Merksatz 2.0: Der reproduktive Altruismus unterbindet den sogenannten Genegoismus.
Bei Menschen pflanze sich die Aberbillionen Zellen nur durch Samen- und Eizelle fort. Bei Nacktmullstaaten pflanzen sich alle Individuen nur durch die gemeinsame Königin fort. Dawkins zufolge schaltet dieser Mechanismus den Zwang zum Genegoismus aus und ermöglicht einen echten Altruismus unter den beteiligten Individuen. Siehe mehr zu diesem Gedanken im Artikel zur Dawkins-Drossel ↗
Fußnoten
- [1] Erklärungstafel zum Nacktmull im Frankfurter Zoo, 14. April 2023.

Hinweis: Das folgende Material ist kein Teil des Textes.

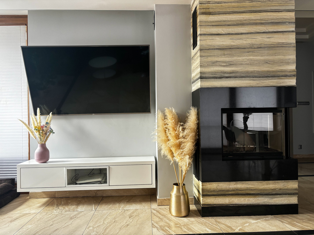 - W salonie kominek z płaszczem wodnym (rozprowadzenie ciepła po podłogach oraz kaloryferach)
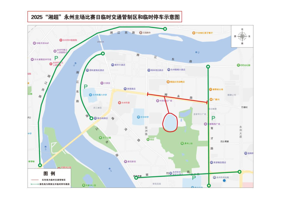 为确保2025年“湘超”永州赛区第四场比赛期间冷水滩中心城区道路交通安全、畅通、有序,根据《中华人民共和国道路交通安全法》规定,永州市公安局交通管理支队决定,在足球赛期间对赛事周边部分道路实行临时交通管制,现将有关事项公告如下:
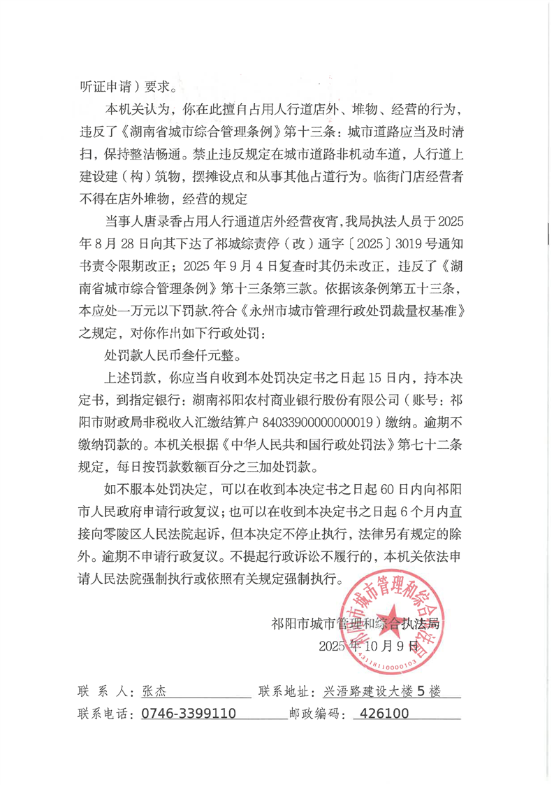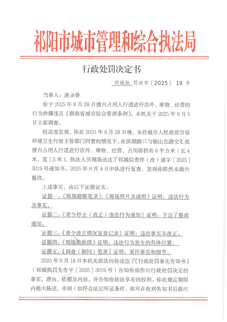 祁阳市城市管理和综合执法局行政处罚决定书 祁城执罚决字(2025) 19号

- [2] Richard Dawkins: 1976: Das egoistische Gen. Spektrum, Akademischer Verlag, Heidelberg/Berlin/Oxford, 1994. Originaltitel: The Selfish Gene. ISBN 3-86025-213-5. In der deutschen Ausgabe das Kapitel: Die große Reichweite der Gene. Seite 405.
- [3] Zur Eusozialität von Nacktmullen: Anderson, M. The evolution of eusociality. Annual Review of Ecology, Evolution and Systematics 15, 165–189 (1984).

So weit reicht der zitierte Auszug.